The Night Mode on the iPhone 11 Apple describes like this:

Quote
Night mode comes on automatically when needed — say, in a candlelit restaurant. When you tap the shutter, the camera takes multiple images while optical image stabilization steadies the lens.

Then the camera software goes to work. It aligns images to correct for movement. It discards the sections with too much blur and fuses sharper ones. It adjusts contrast so everything stays in balance. It fine-tunes colors so they look natural. Then it intelligently de-noises and enhances details to produce the final image.

Or portrait mode:

Quote
Next-generation Smart HDR uses advanced algorithms to finesse highlight and shadow detail in your image. And now it leverages machine learning to recognize faces in your shot and intelligently relight them. That means iPhone 11 Pro can automatically fine-tune detail in both the subject and the background.

Video processing:

Quote
Thanks to incredibly fast camera sensors, iPhone 11 Pro is able to produce 120 frames per second, alternating between standard exposure and short exposure frames.

The image signal processor and video encoders analyze each of those frames in the moment to capture as much detail as possible. To take it even further, the Neural Engine uses real-time machine learning to optimize the different components of the scene. For example, it might relight the person in the foreground, while reducing noise and enhancing color in the sky. It all happens instantly and automatically.

BJL

  • Sr. Member
  • ****
  • Offline Offline
  • Posts: 6600
Re: A mature market?
« Reply #16 on: October 27, 2019, 09:35:04 pm »

Thanks Slobodan. There’s also boring old HDR mode:
Quote
HDR (high dynamic range) in Camera  helps you get great shots in high-contrast situations. iPhone takes several photos in rapid succession at different exposures and blends them together to bring more highlight and shadow detail to your photos.
And an auto HDR mode is the default in the iPhone 11 models.

So with IS and no focal plane shutter (or flipping mirror!) shaking things around, the new iPhones routinely take several images, and align and merge to improve DR—at least when there is sufficiently low or no subject motion of course.

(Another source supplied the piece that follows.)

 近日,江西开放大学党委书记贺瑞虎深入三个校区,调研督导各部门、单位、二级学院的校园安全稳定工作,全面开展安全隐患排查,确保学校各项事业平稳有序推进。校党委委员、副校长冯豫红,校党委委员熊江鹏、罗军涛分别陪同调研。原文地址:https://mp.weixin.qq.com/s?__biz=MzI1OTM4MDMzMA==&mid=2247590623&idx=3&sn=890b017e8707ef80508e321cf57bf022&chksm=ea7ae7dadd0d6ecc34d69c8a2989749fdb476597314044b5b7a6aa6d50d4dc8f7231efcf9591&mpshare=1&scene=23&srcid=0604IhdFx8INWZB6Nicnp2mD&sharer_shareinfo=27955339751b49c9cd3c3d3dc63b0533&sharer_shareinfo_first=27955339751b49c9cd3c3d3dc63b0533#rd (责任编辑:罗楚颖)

Just today I was speculating about adding such an approach to mirrorless cameras for an expanded low exposure index/enhanced dynamic range hand-held mode, once electronic shutters eliminate the last mechanical vibrations. That could eliminate the DR disadvantage of smaller photosites, in the base-ISO speed situations where larger pixels currently have their main DR advantage.
Logged

Alan Klein

  • Sr. Member
  • ****
  • Offline Offline
  • Posts: 15850
    • Flicker photos
Re: A mature market?
« Reply #17 on: October 27, 2019, 09:56:05 pm »

Trade shows in many industries are on their way out. Outdated concept with today's Internet to get ones product messages out worldwide.
But a trade show let's distributors and industry insiders touch and handle the new products, even test them somewhat.  You can't do that over the internet. 

Paulo Bizarro

  • Sr. Member
  • ****
  • Offline Offline
  • Posts: 7393
    • http://www.paulobizarro.com
Re: A mature market?
« Reply #18 on: October 28, 2019, 05:14:31 am »

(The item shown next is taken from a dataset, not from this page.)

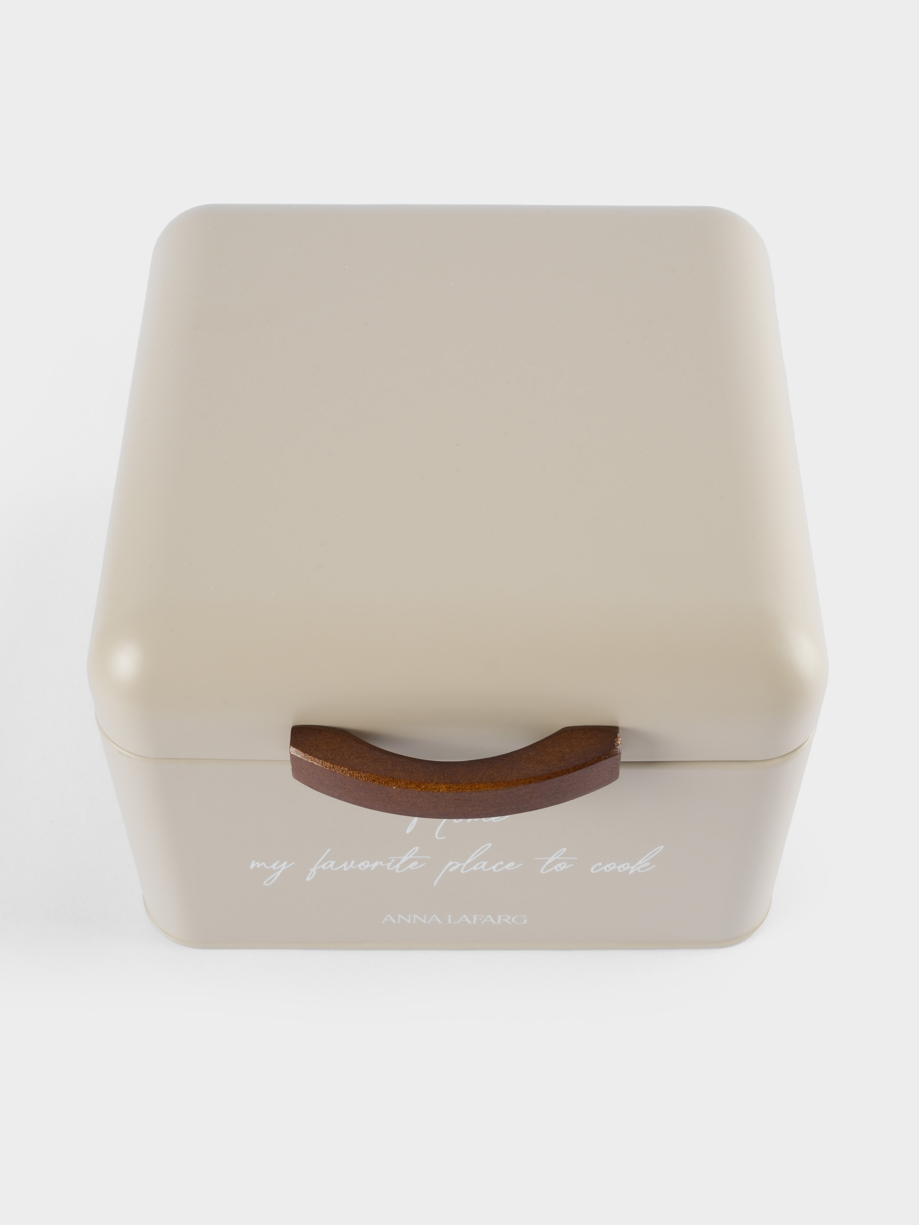 Хлебница, 20х20х14 см, металл/дерево, квадратная, бежевая, Retro

The latest Fuji X-Pro3 has a lot of in camera options for processing, including HDR, multiexposure, grain function, curve function, etc, that can be saved in RAW.

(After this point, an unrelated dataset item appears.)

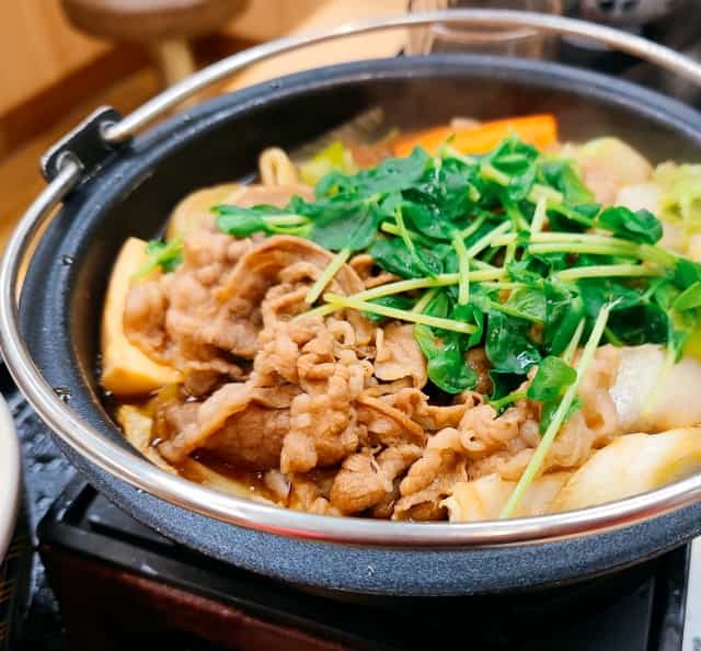 ①牛すき鍋膳を肉2倍、ご飯大盛りで注文する

I suppose as processing power is increased, more options are available in cameras.

chez

  • Sr. Member
  • ****
  • Offline Offline
  • Posts: 2501
Re: A mature market?
« Reply #19 on: October 28, 2019, 09:14:50 am »

But a trade show let's distributors and industry insiders touch and handle the new products, even test them somewhat.  You can't do that over the internet.

True...but there are billions of people in this world and a trade show provides access to only thousands. The cost of trade shows is getting out of control, especially when you compare to other marketing schemes that address the entire world. Trade shows were great before the Internet...however their time has come and gone.